Plasma Rich in Growth Factors (PRGF-Endoret®) for Endometrium

Plasma rich in growth factors (PRGF) is a liquid prepared from a sample of the patient’s own blood.
This PRGF is prepared according to the PRGF-Endoret® closed-technique system developed by BTI Biotechnology, and is a biomedical technology aimed at stimulating tissue regeneration through the application of growth factors and other proteins present in blood plasma. The application of Endoret® Technology (PRGF®) is a medicinal product for human use.
Platelet growth factors are a set of proteins that are involved in cell communication by modifying biological responses. These types of therapies have been widely used in many fields of medicine and dentistry and are based on Regenerative Medicine, and they aim to achieve tissue regeneration by mimicking the body’s own regeneration processes.
Suitability of the treatment in relation to its application in the endometrium
Refractory endometrium is a condition in which the endometrium, the innermost layer of the uterus where the embryo implants, does not grow properly despite appropriate hormonal treatment. If the endometrium does not grow properly, communication between the endometrium and the pre-embryo is not established, resulting in the pre-embryo not growing properly. Refractory endometrium is diagnosed by ultrasound measurement of the endometrium. It should be at least 6 to 7 mm after 10 days of hormone replacement therapy with oestrogen.

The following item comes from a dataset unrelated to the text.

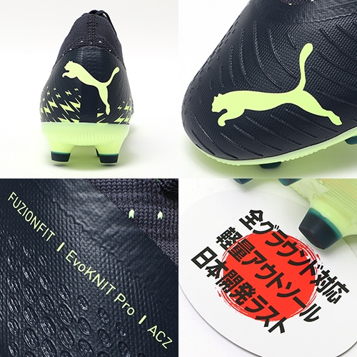 - 2022年秋冬コレクション『FASTEST PACK』が登場。縦横無尽、爆速ステップ!すべてのプレイヤーのあと一歩の速さを追求し、デザインアップデートしたPUMA「FUTURE Z(フューチャー ゼット) .4」のHG(ハードグラウンド)/AG(アーティフィシャルグラス)対応エントリーモデルスパイク。

Scientific studies have shown that PRGF promotes endometrial growth and is effective in repairing a damaged endometrium and improving pregnancy outcomes, hence its recommendation.
Treatment alternatives
Refractory endometrium is a difficult pathology to manage and with few effective alternatives currently described (vitamin E, vaginal sildenafil citrate and pentoxifylline), none of which have sufficient scientific evidence to be considered a form of treatment of choice.
Procedure
- After 10 days of hormone replacement therapy, if the endometrium does not grow adequately, a blood sample is taken from the patient.
- This blood sample will be prepared in a Endoret® closed system.
- There are two modes of administration:
- As an outpatient with endometrial instillation
- It is separated into three parts.
- One for fresh instillation and two others that are frozen for subsequent instillation into the endometrium (at 48 and 96 hours after the fresh instillation).
- Endometrial instillation is a simple and painless procedure performed at the doctor’s office or in the embryo transfer room through the vagina.
- A vaginal speculum is inserted and the cervix is cannulated with an embryo transfer cannula.
- With hysteroscopy and subendometrial injections:
- Single preparation
- The endometrium is injected by depositing PRGF at the subendometrial level with small injections a few millimetres deep. This procedure is always accompanied by a diagnostic hysteroscopy that allows us to see the exact site of the injection and its depth, for which the corresponding informed consent for diagnostic hysteroscopy must be signed. The choice of mode of endometrial administration of PRGF will depend on a shared medical decision between you and your doctor. The idea with subendometrial injection is to inject the factors at the level of the stem or progenitor cells and have more influence on cell growth and vascularisation. This approach has demonstrated histological changes related to endometrial regeneration.
- After the procedure the patient can return to normal life.
Contraindications
There are certain conditions in which it is not advisable to perform endometrial instillation due to a possible risk of encouraging or worsening other pathologies:
- Current or previous pelvic inflammatory disease.
- Infection.
- Active genital infection.
- Presence of any pathology that in the medical specialist’s opinion constitutes a risk or contraindication for the patient.
- Patients with reports from specialists advising against pregnancy.
- Positive serologies for the tests performed according to standard clinical practice in the IVIRMA group in Spain (HBsAg, HBcAb, HCV, HIV and syphilis).
Risks
This instillation is autologous, i.e., it comes from the patient’s own blood, so the patient is not exposed to foreign cellular material that could cause a reaction in her body.
In addition, the system used is closed, so we do not expect any contamination.
No risks or side effects are described in the literature with this procedure.
Although there is a theoretical risk of infection from introducing material into the endometrial cavity from the outside and through the vagina, this is the same risk that could occur in an intrauterine insemination or embryo transfer, which is practically zero in the thousands of these procedures performed, and prophylactic antibiotics are administered to prevent infection.
Although no long-term complications have been reported, it is possible that due to the pathogenesis of endometriosis and adenomyosis, microtrauma at the subendometrial level could favour the development of these pathologies.